= Light-in-flight imaging =

Techniques for visualizing the propagation of a light ray

500 ps laser pulse propagation in air visualized by a single-photon detector arrays

A video demonstrating a superluminal light-in-flight observation captured with megapixel SPAD camera

Light-in-flight imaging is a set of techniques to visualize the propagation of light through different media.

== History and techniques ==
Light was first captured in its flight by Nils Abramson in 1978, who used a holographic technique to record the wavefront of a pulse propagating and being scattered by a white-painted screen placed in its path. This high-speed recording technique allowed the dynamic observation of light phenomena like reflection, interference, and focusing that are normally observed statically. More recently, light-in-flight holography has been performed in a scattering medium rather than using a reflective screen. Light can also be captured in motion in a scattering medium using a streak camera that has picosecond temporal resolution, thus removing the need for interferometry and coherent illumination, but requiring additional hardware to raster scan the two-dimensional (2D) scene, which increases the acquisition time to hours.

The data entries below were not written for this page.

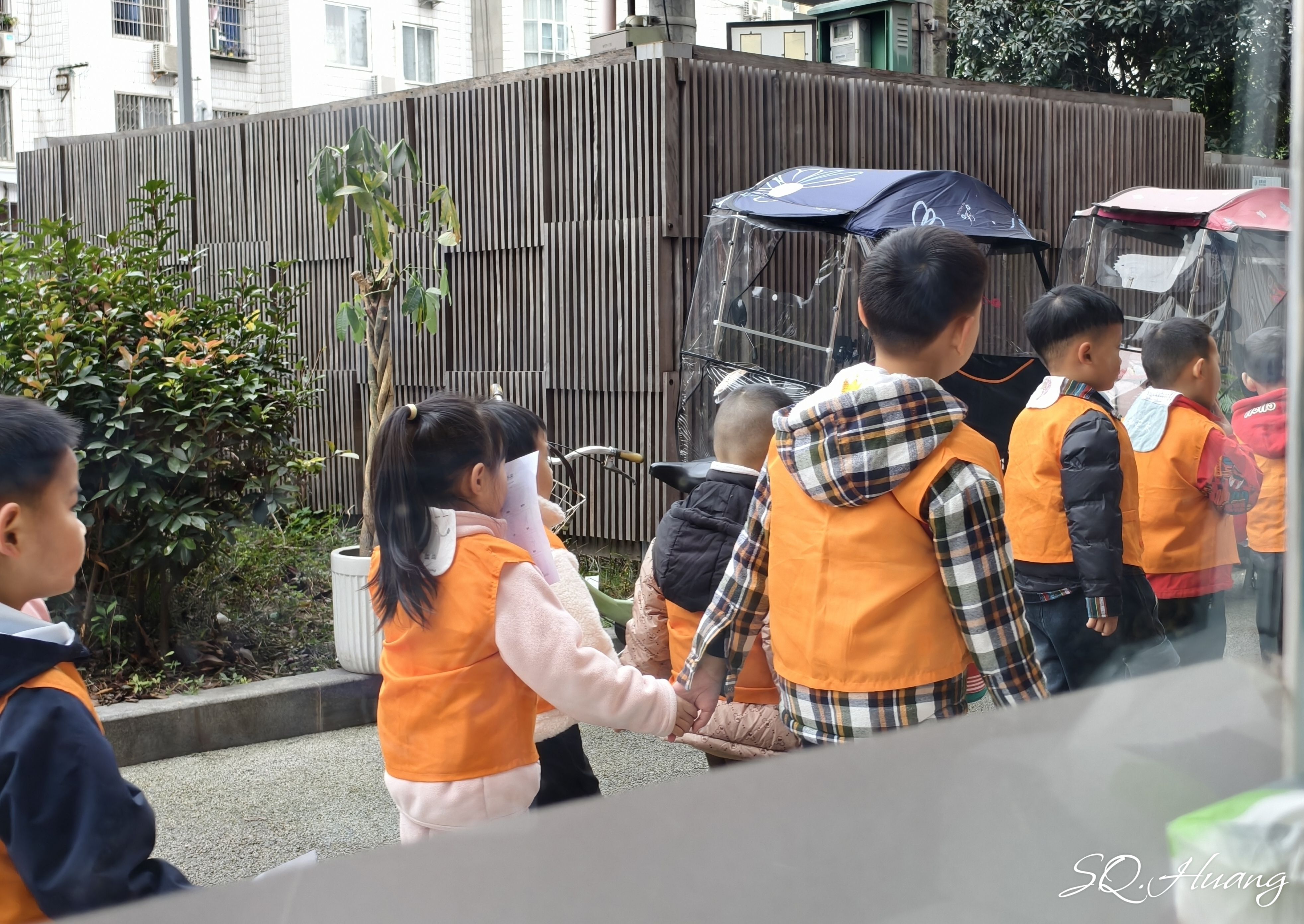 2. 窗外有群幼儿园小娃娃秋游回来了
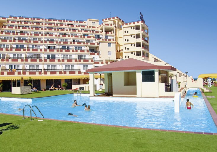 Die Anlage umfasst 295 Appartements in einem zehngeschossigen Haupthaus. Mittelpunkt ist der Außenbereich mit Pool, separatem Kinderbecken, Sonnenterrasse, Liegen und Schirmen. Dazu kommen Poolbar, Foyer, Dachterrasse und kostenloser WLAN-Bereich. Die Rezeption ist rund um die Uhr besetzt, mehrsprachiges Personal unterstützt Euch bei Fragen.
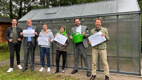 Von der gelungenen Fertigstellung des Gewächshauses haben sich in dieser Woche überzeugt (von links): Tim-Ole Fischer (Einrichtungsleiter des Dorothea-Buck-Hauses), Jan Schäfer (Vorstandsmitglied der Sparkasse Bottrop), Max Hausmann (Wohngruppen-Mitarbeiter), Bewohnerin Samy, Steffen Riesenberg (Superintendent des Evangelischen Kirchenkreises Gladbeck-Bottrop-Dorsten) und der theologische Geschäftsführer des Diakonischen Werks, Karl Hesse.
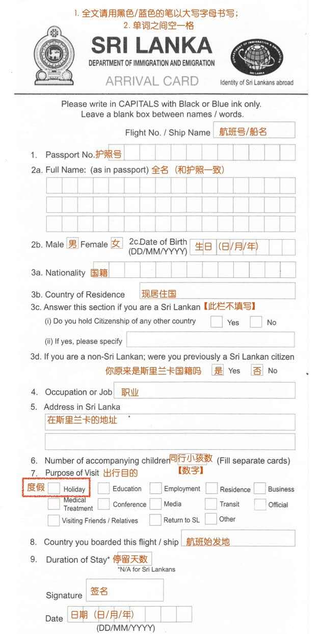 國際游客在進(jìn)入斯里蘭卡都需要填寫入境卡(12歲以下算同行兒童,兒童人數(shù)需要填寫在成人的入境卡上)。乘客可以在飛機(jī)上向空乘人員領(lǐng)取,填好表格后在過海關(guān)時(shí)交給工作人員就好。

A few other techniques possess the temporal resolution to observe light in motion as it illuminates a scene, such as photonic mixer devices based on modulated illumination, albeit with a temporal resolution limited to a few nanoseconds. Alternatively, time-encoded amplified imaging can record images at the repetition rate of a laser by exploiting wavelength-encoded illumination of a scene and amplified detection through a dispersive fibre, albeit with 160 ns temporal and spatial resolution.

Recent studies based on computer tomography using data from multiple probe pulses enabled reconstruction of picosecond pulse propagation phenomena in condensed media.

In 2015, a method to visualize events evolving on picosecond time scales based on single-photon detector arrays has been demonstrated.